大灰狼彎起眼睛笑笑,臉上雖說一副小朋友別害怕,叔叔是好人的樣子,可接下來脫口而出的話,卻再一次讓這再好看不過的形象,再次跌進了調戲良家小女子的紈絝子弟的隊伍裏,
“腰也挺細的,腿也不錯,真直,感覺一定好,至於這屁股嘛……”
花嘉倪惱羞成怒豁然站起身,氣得紅著臉扭頭往外走,蘇錦看調戲未遂,似乎並不打算就此罷休,仍是沒臉沒皮的跟著,嘻皮笑臉的小聲嘀咕著:
“再多點兒肉就好了,”
嘉倪咬著牙,轉身給蘇錦一巴掌,狠狠的打在肩膀上,再要抬手時,卻被死死的抓住,怎麼扯也扯不開,掙紮了片刻,身子被猛地一提,整個人都撞在蘇錦胸前,花嘉倪連耳朵都紅了,這種戲弄讓他覺得的無地自容,更覺得自己像被別人當成了小醜,無休止的褻玩。
“神經病!我,我……我沒興趣陪你無聊,滾開!”
蘇錦看著眼前的人氣的發白的臉,連眉頭都皺到了一起,好像恨不得把自己剝皮抽骨似的,不過,這小手還真是挺嫩,不過就是有點兒涼。
蘇錦興許也是鬧夠了,軟聲笑起來,末了,輕輕的甩開那雙白淨的手,花嘉倪使勁搓著被握得發紅的手,想努力去掉那個人的附上的熱度,畢竟,這太不正常了。
等一切都看似恢複了平靜,蘇錦也正打算離開,花嘉倪整了整書包,這時才想起爸爸交代的事情,他竟然忘了,這個無良的怪人,竟成上帝了,完了,萬一他刷起賴不要了,這毛衣豈不是白織了,早知道就不罵他了。
花嘉倪有些無措,下了下狠心,不得不在五鬥米麵前彎下腰,輕啟唇齒,低聲喃道:
“……你,你是不是找,找我家買了東西”嘉倪的聲音越來越小,小到幾乎聽不到,其實他真的很想走過去,挺直了腰板把東西扔他臉上,狠狠的教訓他一頓,然後再告訴他,每個人都是有自尊的,希望他能好好懺悔,重新做人!

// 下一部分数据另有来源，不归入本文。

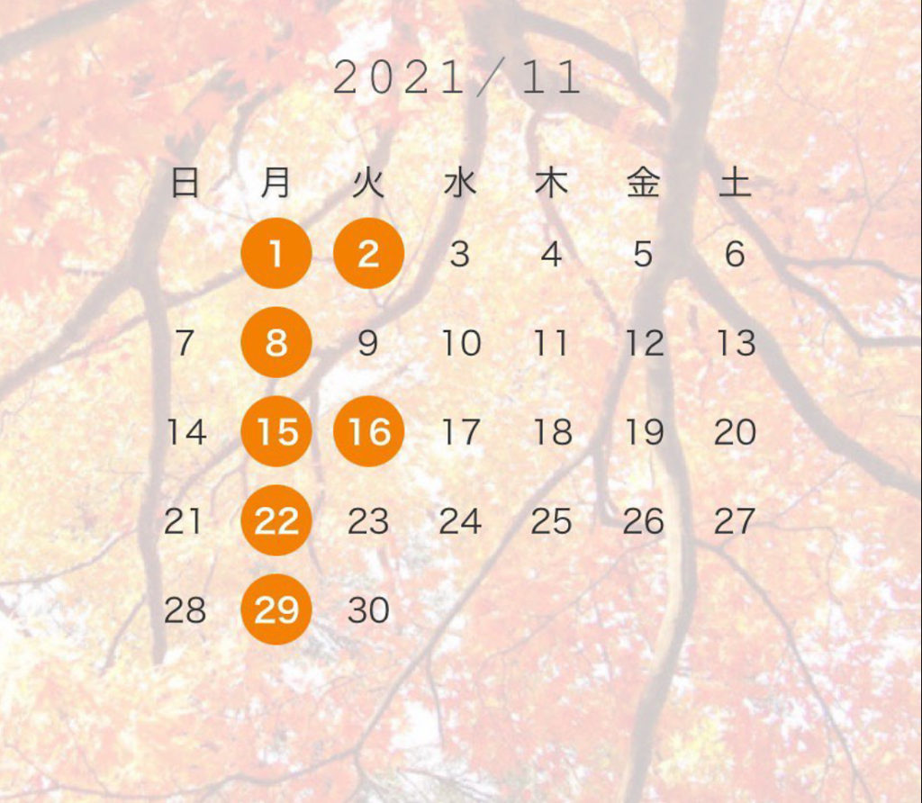 お知らせ 21年11月お休み waco2021年10月27日2021年10月27日 23日は17時まで営業させて頂きます。ご迷惑をお掛け致しますが、何卒よろしくお願い致します。 waco 投稿を作成しました 87

蘇錦扭頭看著他,愣了愣,忽地想起了什麼似的,眸子裏頓然又閃出了一絲興趣,看來那次打電話訂購時的家常奏效了,不過這毛衣怎麼織的那麼快,家裏的衣櫥都快塞不下了,看來以後得專門備個櫃子。
佯裝莫名其妙的眨眨眼,說道:
“什麼?”
花嘉倪實在不願再重複,可蘇錦眼巴巴的看著自己,總得說下去吧,深呼了口氣,驀地抬頭說道,
“就是,有沒有在我家定過毛衣!”聲音已經顯得不耐煩了,蘇錦挑挑眉,事不關已似的回了句,
“我怎麼會知道”
花嘉倪已經不想和眼前這人再多說一句話了,心想著如果他不消失的話,自己就消失吧!氣衝衝的拿出袋子,丟到蘇錦身上。

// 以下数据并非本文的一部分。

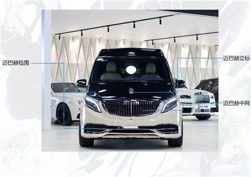 迈巴赫VS680商务车,迈巴赫VS680在外观外型上延续了国产新V级的设计理念,标志性的枪弹头式外观搭配直的车身线条,慎重大气不言而明。V系列以通体流光的深邃黑色时尚魅惑外形,承袭自奔驰豪华轿车的气质前脸,深邃修长的撩人双眸,搭配细节层次更显精致的下颚雾灯设计。车身尺寸:5370*1928*2080mm(长宽高),18寸漩涡造型轮毂添时尚气息,相比国内长轴距的版本视觉感更流畅,驻车也更具便利性。

蘇錦心情甚佳的輕輕展開,擱在自己身上,比來比去,最後抖了抖,笑道:
“一件破衣服就想拴住我的心啊?
“你!你再說一句!”花嘉倪壓抑著聲音,一字一句的說著,也許自己的家世根本不入他的眼,也許在他心裏,自己無非是個土包子,可以隨意輕賤,隻是他怎麼欺負自己都行,但是絕不可以不尊重自己的家人。

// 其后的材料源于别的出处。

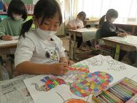 図工の「おはなしから うまれたよ」の学習で、「ぞうのエルマー」の話を聞いて感じたことや想像したことを描きました。パッチワーク模様のエルマーに、楽しい仲間。鮮やかな色づかいで、見ていると楽しい気持ちになる作品になりました。

蘇錦看他情緒不對,有些後悔自己剛剛說出的話刺傷了他的自尊心,花嘉倪家裏的事兒自己也多少知道,怎麼剛才就口無遮攔了,不由尷尬的咧咧嘴,小心的把衣服折起來,說了句謝謝,借口要走,花嘉倪心裏還惦記著一件事的,看他不提,隻能低聲提醒道:
“你,你還沒給……”
蘇錦愣怔了一下,哦了一聲,頗感窘迫,趕緊掏出錢夾,利落的抽出幾張紅彤彤的毛爺爺,塞到他手裏,花嘉倪一看,連忙抽回手,嘴裏沒頭沒尾的推拒道:
“沒,沒有那麼多的,我也沒有那麼多錢找給你,我……”
“給你就拿著,哪那麼多話,”
看嘉倪執拗著並不打算收,蘇錦一把拉過他,把錢一卷,不分青紅皂白的塞進口袋,眼前的人仍別扭的阻攔著,蘇錦實在煩了,霸道的說道:
“聽話,別動!”
錢卷終於順利的塞進去,蘇錦拍了拍鼓囊囊的口袋,還交代他裝好別丟了,像對小孩子似的,等花嘉倪從瞬間的驚愕中清醒過來,登時靜謐的看著比自己整整高出一大截的蘇錦,不知該說些什麼。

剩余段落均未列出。